Steffan menghela napas. "Kamu mau tunggu sini aja sama Nata sama Darrel?"

Belum sempat Fio menjawab, Darrel terlebih dahulu berkata, "Pergi, Fi. Hadapi rasa takut itu. Rasa trauma gak bawa kamu ke mana-mana, Fi. Kali ini kamu gak bakal kenapa-napa. Ada Steffan yang siap jagain kamu selalu. Iya, kan, Stef?"

"Iya, Fi, jadi kamu mau ikut kan sekarang?" tanya Steffan sambil memegang tangan Fio.

Fio menghela napas, meyakinkan diri. "Oke."

Sambil menunggu Meli, Dito, Fio, dan Steffan selesai, aku menemani Darrel duduk di bawah payung besar berwarna putih di pinggir pantai.

"Ta, kalau kamu mau ikut mereka main, ikut aja. Aku yang jagain barang-barang di sini. Gak apa-apa, kok," ucap Darrel.

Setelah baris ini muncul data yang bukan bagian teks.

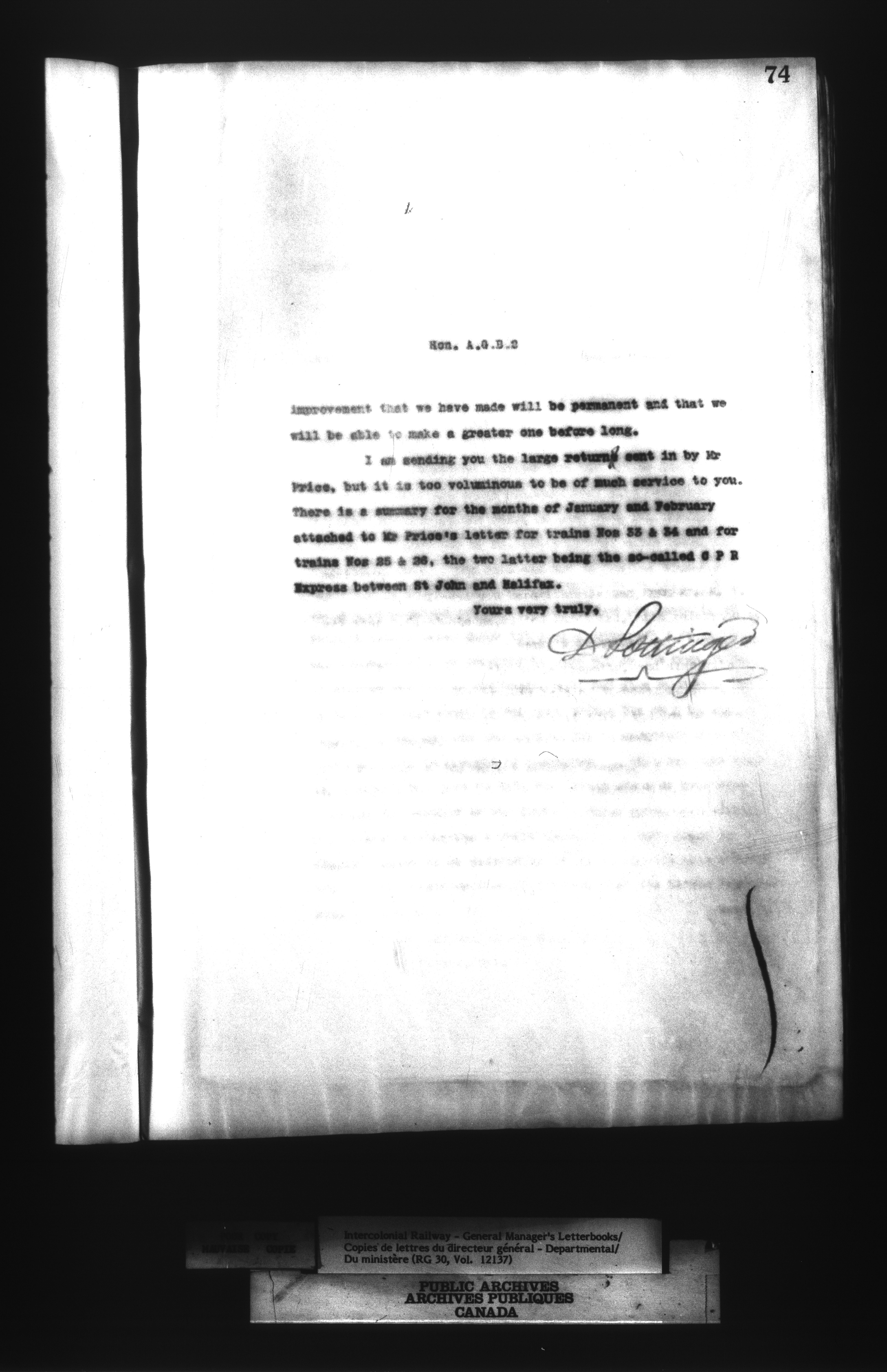 Canadian Government Railways : Office of the Chief Superintendent, Outward correspondence : C-12470

Aku meraih tangannya. "Gak mau. Aku harus jagain kamu, Rel. Nanti aku tinggal, eh, kamu malah jajan-jajan minuman sembarangan. Gak boleh."

"Ih yaampun, pacar aku udah kayak baby sitter, ya," ucap Darrel. "Ta, aku jadi inget deh waktu pertama kali kita ke Bali bareng, pas masih kuliah tingkat 1 itu. Pas aku berusaha nembak kamu. Tuh, tepat di situ." Darrel menunjuk satu daerah di pinggir pantai.

Aku tersenyum mengingat kejadian itu. 

Darrel mengeluarkan kameranya dari wadah. "Nih fotonya masih ada. Foto sunset maha karya Natalia Tanusaputra. Dulu harusnya sebelum ini ada foto kamu, eh, tapi malah kamu hapus karena ngambek."

Kami tertawa bersama.

"Oh, ya, Rel, jadi inget deh. Waktu itu kamu nyelamatin Fio dan kamu meluk Fio, aku sempet cemburu."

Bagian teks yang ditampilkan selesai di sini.